> Records for this exercise:
══════════

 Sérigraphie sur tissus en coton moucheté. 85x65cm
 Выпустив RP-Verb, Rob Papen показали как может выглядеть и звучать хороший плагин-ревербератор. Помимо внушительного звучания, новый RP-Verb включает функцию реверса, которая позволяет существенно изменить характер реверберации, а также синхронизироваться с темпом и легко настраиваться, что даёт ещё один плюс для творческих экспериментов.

══════════

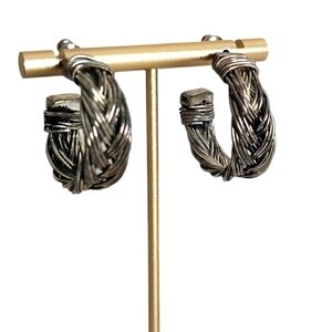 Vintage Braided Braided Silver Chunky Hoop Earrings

══════════

> Exercise: Beginning at the line above that contains "Sérigraphie sur tissus", return each line exactly through the line that contains "Выпустив RP-Verb, Rob", and no others.

> Response to the task:
 Sérigraphie sur tissus en coton moucheté. 85x65cm
 Выпустив RP-Verb, Rob Papen показали как может выглядеть и звучать хороший плагин-ревербератор. Помимо внушительного звучания, новый RP-Verb включает функцию реверса, которая позволяет существенно изменить характер реверберации, а также синхронизироваться с темпом и легко настраиваться, что даёт ещё один плюс для творческих экспериментов.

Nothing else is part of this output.